POR FERNANDO JIMÉNEZ BERROCAL, CRONISTA OFICIAL DE CÁCERES
Las enfermedades infecto-contagiosas fueron consideradas como un «azote de Dios» por aquellos que durante siglos las padecieron. La temida peste negra o las más comunes como la erisipela, el mal de pecho o el tabardillo formaron parte de las emergencias sanitarias que afectaron en mayor o menor medida a los vecinos de la villa cacereña. Ante ello, solo se podía luchar con escasas infraestructuras sanitarias que nunca fueron suficientes para paliar las angustias y sufrimientos que acompañaban a los más desfavorecidos, los que tenían menos defensas tanto higiénicas como sanitarias para defenderse de situaciones que diezmaban el vecindario de los pueblos.

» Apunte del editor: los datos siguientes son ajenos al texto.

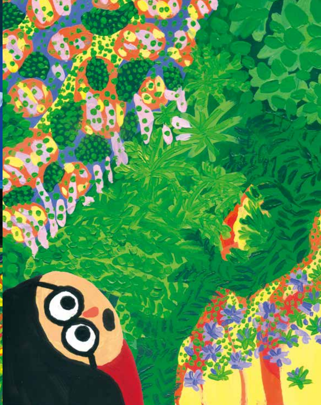
Aurore est éblouie. La végétation est luxuriante. La lumière vient caresser les plantes et colorie la montagne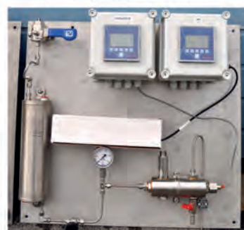
Unité de mesure de pH et de conductivité des eaux de chaudière.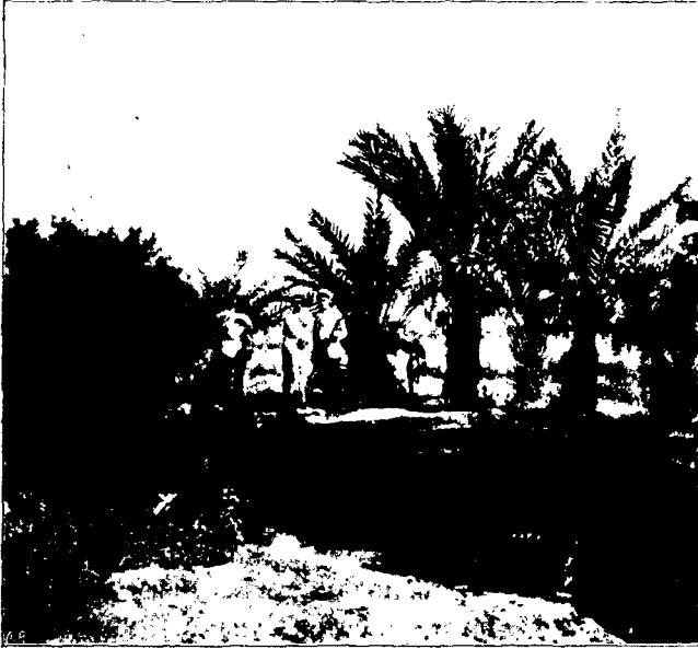
Въ Іерихонѣ—подъ пальмами.

встрѣчу намъ поднялся холодный пронзительный вѣтеръ. Но мѣръ того, какъ мы приближались къ Іерусалиму, темпе-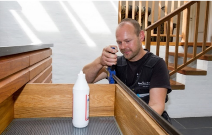
Reparation af køkkenskuffe

Når bygningsnedkeren laver spjældarbejde betyder det, at han kører ud til kunderne – nogle gange helt op til 8 kunder om dagen – og løser mindre opgaver.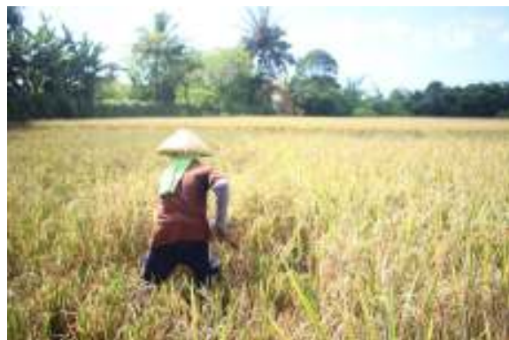
Gambar 11. Panen Padi

Dan kegiatan terakhir adalah panen padi, yang dilakukan pada usia 95 hari setelah tanam. Kegiatan panen ini lebih cepat dari jadwal yang ditetapkan, karena pada bulan Mei 2019 suhu di wilayah sekitar desa Badean panas, sehingga proses pematangan bulir padi lebih cepat dari teori umur pematangan bulir yaitu 110 – 115 hari setelah tanam. Gambar 10 ini menjelaskan proses pemanenan yang dilakukan secara manual.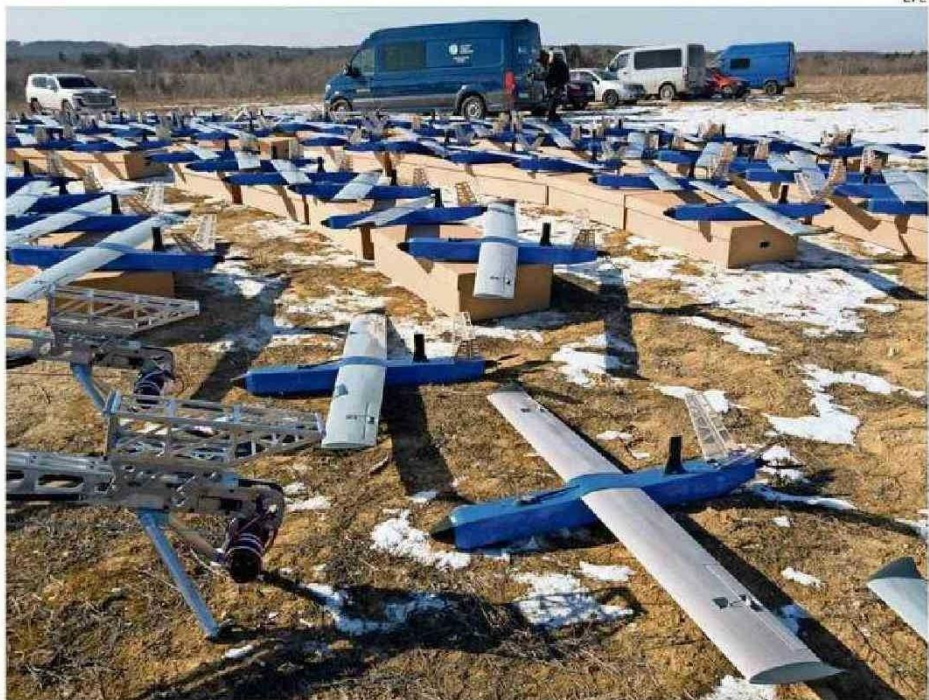
UNA FLOTA DE DRONES INTERCEPTORES DE UCRANIA.

También se dispararon tres misiles balísticos, según la fuerza aérea. Una persona murió en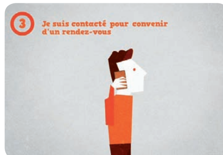
3 - Je suis contacté pour convenir d'un rendez-vous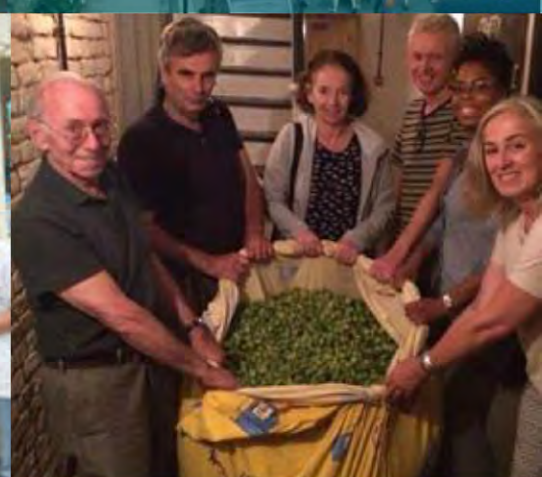
Iniciar un Club de Salto Crystal Palace, Londres, Reino

Son especialmente crueles las últimas décadas del siglo XVII. La peste de 1649 se inicia en Andalucía y se ceba con la capital Sevillana que pierde casi la mitad de los vecinos. Esta situación sirvió para que desde la Corte se instruyeran órdenes para controlar la sangría humana que suponía la peste, una desolación que circulaba por diferentes puntos de Andalucía y Extremadura. La medida principal que se plantea es el aislamiento de la villa para los productos y personas venidas de fuera, una medida que no siempre consiguió los resultados deseados, pues se podía infringir de diferentes maneras.
El 14 de Agosto de 1650 se produce un hecho inédito en Cáceres, era encausado un noble local por haber permitido el acceso ilegal a la ciudad de dos mujeres venidas de fuera. Cuando se tienen noticias que en la casa de Maria ‘la Picona’ en la calle Hornos viven dos mujeres llamadas Inés de Cuellar, natural de Alburquerque y Clara de Vargas, natural de Toledo, el corregidor ordena su detención e interrogatorio para saber cómo han podido entrar en la ciudad.
Según relatan las propias afectadas, habían llegado a Cáceres en la noche del día anterior y se habían quedado en el convento de San Francisco. Al llegar el día, con ayuda del noble local Alvaro de Ulloa y Carvajal, consiguieron penetrar en el recinto urbano por la puerta del agua- el arco del Cristo- que solo se abría para el acceso de aquellos vecinos que acarreaban el agua desde Fuente Concejo. Son condenadas al destierro inmediato a un lugar alejado 7 leguas de la villa, advirtiéndole que en caso de reincidencia serán castigadas con pena de vergüenza pública.
El noble por su parte es encerrado en la cárcel del concejo y se le pone una multa de 4.000 maravedíes. Un hecho extraño en una ciudad donde la nobleza local no solía responder ante nadie, menos ante la autoridad municipal, de sus excesos. Aunque cuando rondaban pestes y muerte parece ser que las inmunidades se percibían de otra manera.